Lydia was quiet for a moment. Something moved across her face that he could not read; it was there and gone before he had named it.

“I will be perfectly well,” she said. “You are not to worry about me for a single moment.”

She said it with such deliberateness that he understood it to be a gift; the gift of someone removing themselves from your list of concerns because you have enough of those already. He received it as it was meant, giving her the gift of his trust in her word in return.

“Thank you,” he said.

She looked out of the window.

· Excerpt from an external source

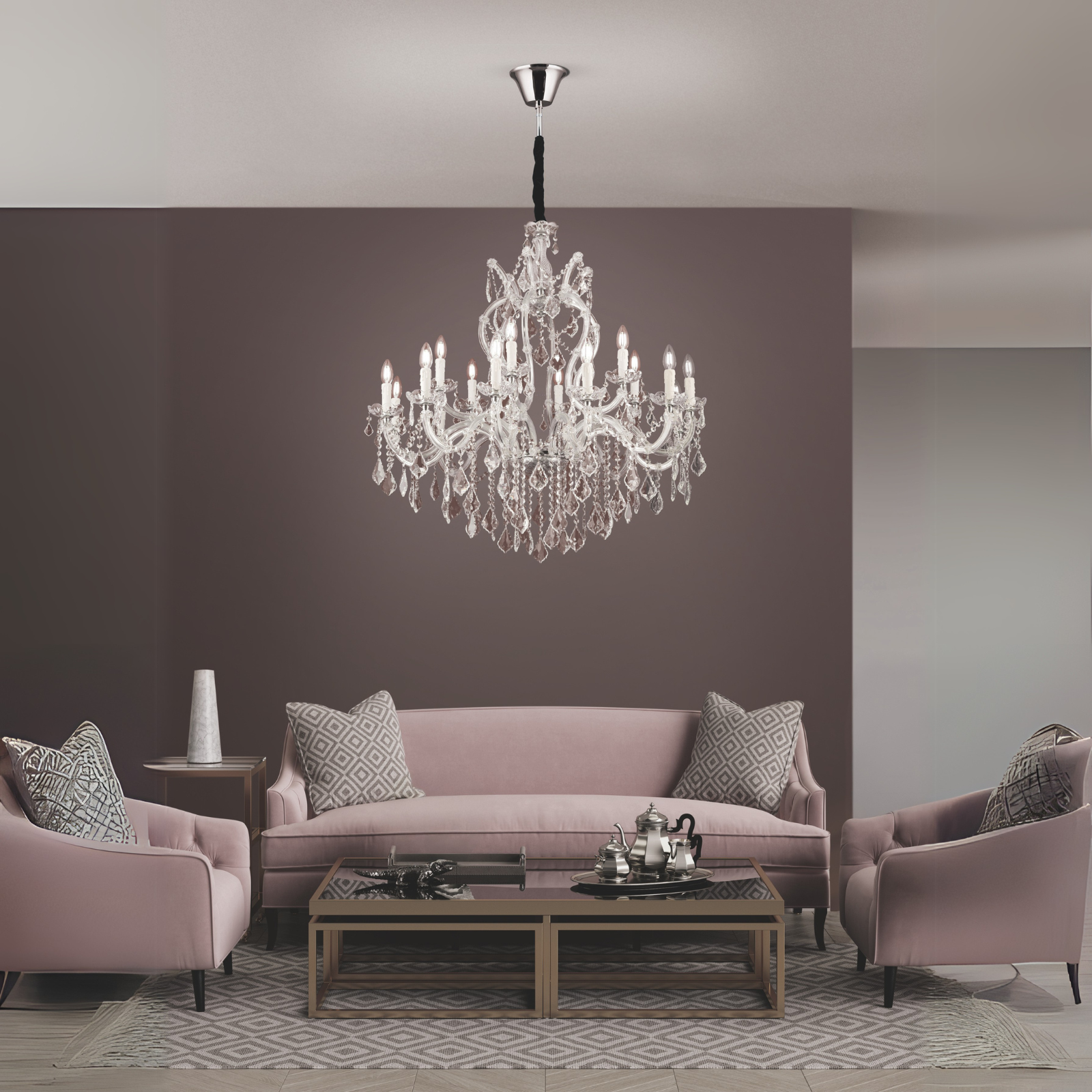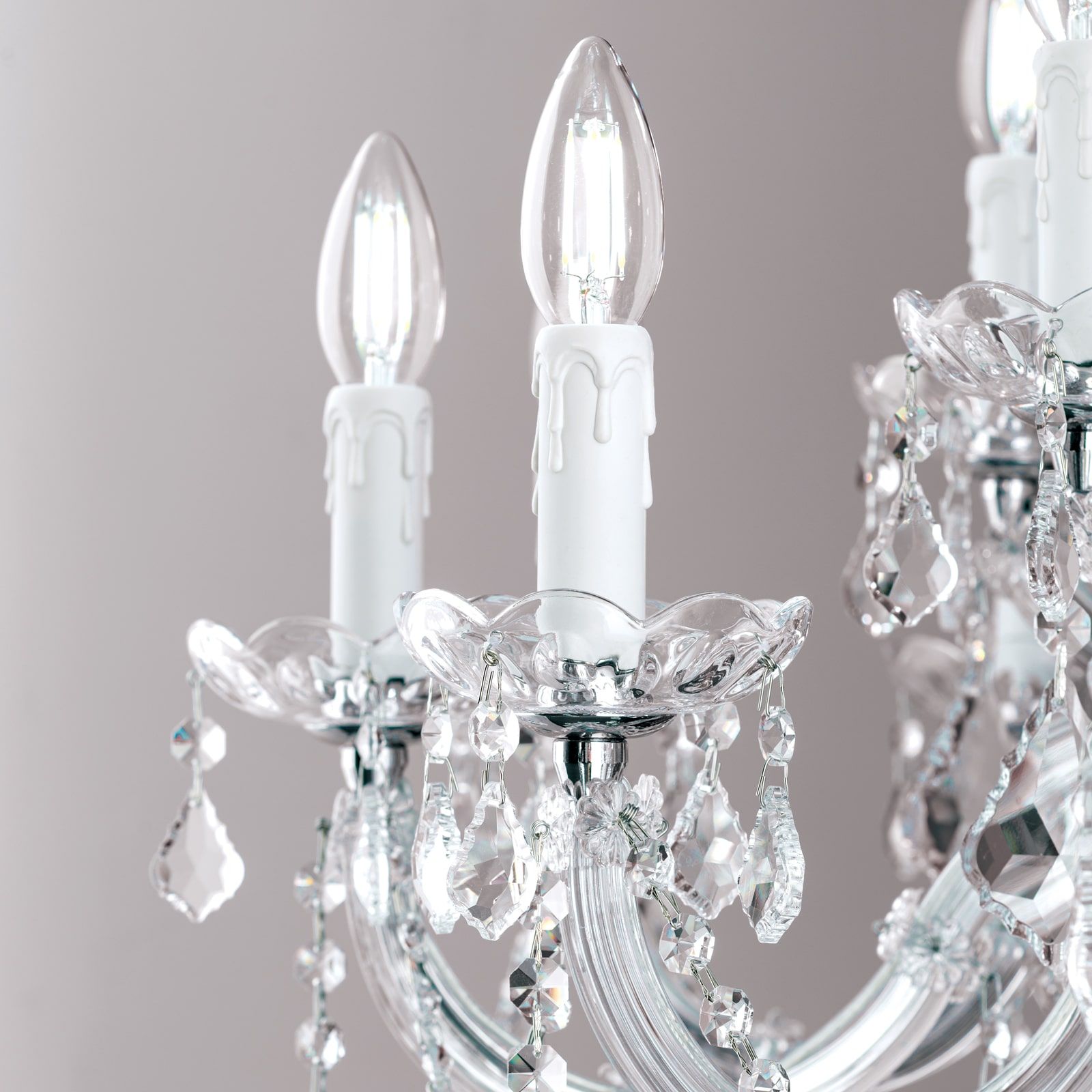 Den THERESA-Luster finden Sie auch: 12-flammig, 6-flammig ergänzend dazu Decken- und Wandleuchten im Sortiment verfügbar.

The silence between them was not comfortable, but it was honest, which was perhaps better.

“Will you come back?” she asked, and then seemed to regret asking it, looking quickly back at her hands.

“I intend to.” He said it without hesitation, because it was true. “I have every intention of it.”

She nodded, apparently finding this satisfactory, or at least as satisfactory as anything was going to be this morning.

He reached across and placed his hand over hers, where they lay folded in her lap.

She did not draw away. She looked down at his hand for a moment, and then she looked up at him, quite steadily, and he thought she was going to say something more, but she did not.

He held her hands until they heard footsteps in the hall, and then he released them and stood.

He told her she had done him great honour, which was the truest thing he could offer, and she held her composure through it with a grace that he suspected had cost her everything she had. He bowed to her, correctly, and went out.

She found Kitty in the bedroom they had shared since childhood, and sat down on the edge of the bed without a word. Kitty took one look at her and shut the door.

“He’s going away,” Lydia said. “America. Canada, specifically. He’s leaving on the twenty-third.” She heard how flat it sounded and could not amend it. “He is not taking me with him. I am to go to Matlock, or to Pemberley. He says it is not safe.”

“It’s not safe,“ Kitty said immediately, fiercely. “He’s right about that, at least. I’ve heard Canada is a dreadful wilderness, no place for…”

“I know he is right,” Lydia said. “I know it. That is what makes it so perfectly dreadful.”

Kitty sat down beside her without another word and took her hand, very firmly.

Lydia did not cry. She had used up all her tears weeks ago, she thought, in the Forsters’ house in Brighton, and what was left was only this: the cold clear knowledge that she was sixteen and about to be married and then immediately left behind, and that she had promised not to make it harder for him by minding.

“It isn’t fair,” Kitty said, with wholehearted conviction.

“No,” Lydia agreed. “It isn’t.”

They sat together for a while, exactly as they had done a hundred times before when the world was difficult, and Lydia found that it helped, not because Kitty could fix any of it, but because she was here and she was angry on Lydia’s behalf and she did not try to make it better.

She just held her hand and let her mind the things she had said she would not mind, and that was, in the circumstances, rather a lot.

After a while, Lydia sat up straighter, and smoothed her skirt, and said, “Do you know, I think I should like some tea.”

“I’ll ring for it,” said Kitty, and she did, and they had their tea, and talked of other things, and when Lydia went to bed that night she lay awake for a long time thinking of Canada, and the twenty-third, and the way Fitzwilliam had said as long as I know you are safe, and the question she had asked that she wished she had not, except that she was glad she had, because he had not hesitated.

I intend to.

She turned her face into the pillow, and did her best to be satisfied with her lot. And if a few tears leaked from beneath her eyelids and soaked into the pillow, well, Kitty would certainly never reproach her for them.